14th Finance Commission
The 14th Finance Commission was constituted by the President of India on January 2, 2013, under the chairmanship of Dr. Y.V. Reddy, former Governor of the Reserve Bank of India. Its primary mandate was to make recommendations regarding the distribution of tax revenues between the Union and the States, and among the States themselves, for the period from April 1, 2015, to March 31, 2020. The Commission also addressed issues related to debt sustainability, local body finances, and disaster management.
Key Recommendations
The 14th Finance Commission significantly increased the share of states in the divisible pool of central taxes from 32% to 42%. This marked a substantial increase in fiscal devolution, aimed at providing states with greater autonomy and resources to address their developmental needs. The Commission emphasized the importance of fiscal decentralization and empowering states to manage their finances effectively.

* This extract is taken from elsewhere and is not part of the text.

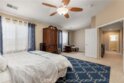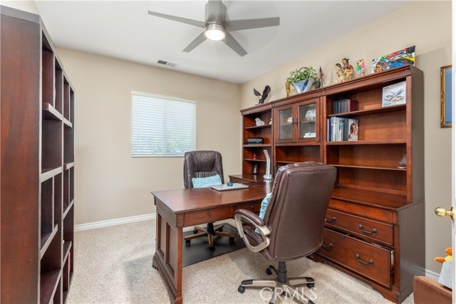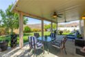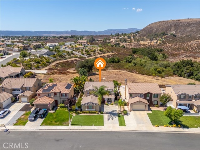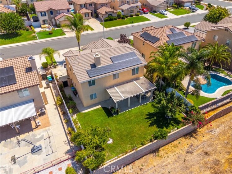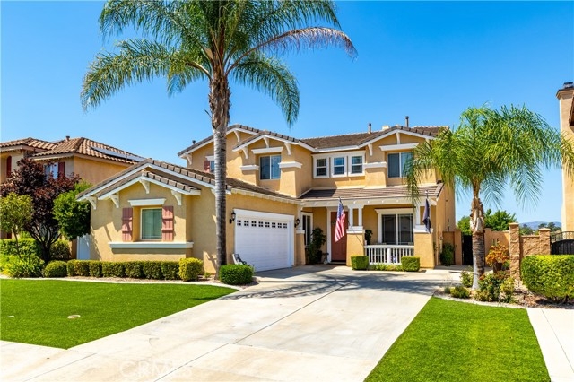 Welcome to your dream home! This beautifully maintained two-story home offers a comfort, versatility, and stunning outdoor living. The front yard features low-maintenance turf landscaping for year-round curb appeal. Step inside to discover a spacious layout that includes a welcoming living room, cozy family room, and an open concept kitchen perfect for gatherings. A convenient half bath an a generous den-ideal for a home office or easily converted into a fifth bedroom complete the main level. Upstairs you will find all bedrooms and all bathrooms thoughtfully arranged for privacy and functionality. The master suite is a true sanctuary, featuring a private retreat area, luxurious jacuzzi tub, double-sink vanity, shower and a walk-in closet. Step outside to a backyard oasis, beautifully landscaped with lush greenery and thriving citrus trees. Enjoy the mountain views from the shaded patio, complete with remote-controlled shade and stylish outdoor furnishings-perfect for relaxing or entertaining. This home blends indoor comfort with outdoor serenity, offering a lifestyle of ease and elegance. No HOA, low taxes, paid solar system and halo water system filtration. Don't miss your chance to own a home that is as beautiful inside as it is outside.

Regarding horizontal equity (distribution among states), the Commission used a formula that gave significant weight to population (17.5%) and income distance (50%). Income distance refers to the gap between a state’s per capita income and the highest per capita income among all states, reflecting relative economic backwardness. The Commission also factored in demographic change (10%), forest cover (7.5%), and area (7.5%) to address specific needs and challenges faced by different states. Efficiency in fiscal management was incentivized through a tax effort parameter (7.5%).
The Commission recommended grant-in-aid for local bodies, both rural (Panchayats) and urban (Municipalities), to strengthen their financial position and enable them to provide essential services effectively. These grants were designed to improve infrastructure, enhance service delivery, and promote participatory governance at the local level. The grants were divided into basic and performance components, incentivizing local bodies to improve their performance.
Furthermore, the 14th Finance Commission addressed issues related to disaster management and recommended specific grants to states for this purpose. These grants were intended to strengthen the states’ capacity to respond to natural disasters and build resilience against future calamities. The Commission also emphasized the need for effective coordination between the Union and the States in disaster management.
Impact and Significance
The recommendations of the 14th Finance Commission had a profound impact on the fiscal landscape of India. The increased devolution of tax revenues to the states provided them with greater fiscal autonomy and resources to pursue their development priorities. The formula for horizontal equity aimed at addressing regional disparities and promoting inclusive growth.
The Commission’s emphasis on local body finances and disaster management also helped to strengthen governance at the grassroots level and improve the country’s ability to respond to natural disasters. Overall, the 14th Finance Commission played a crucial role in shaping the fiscal relations between the Union and the States and promoting equitable and sustainable development in India.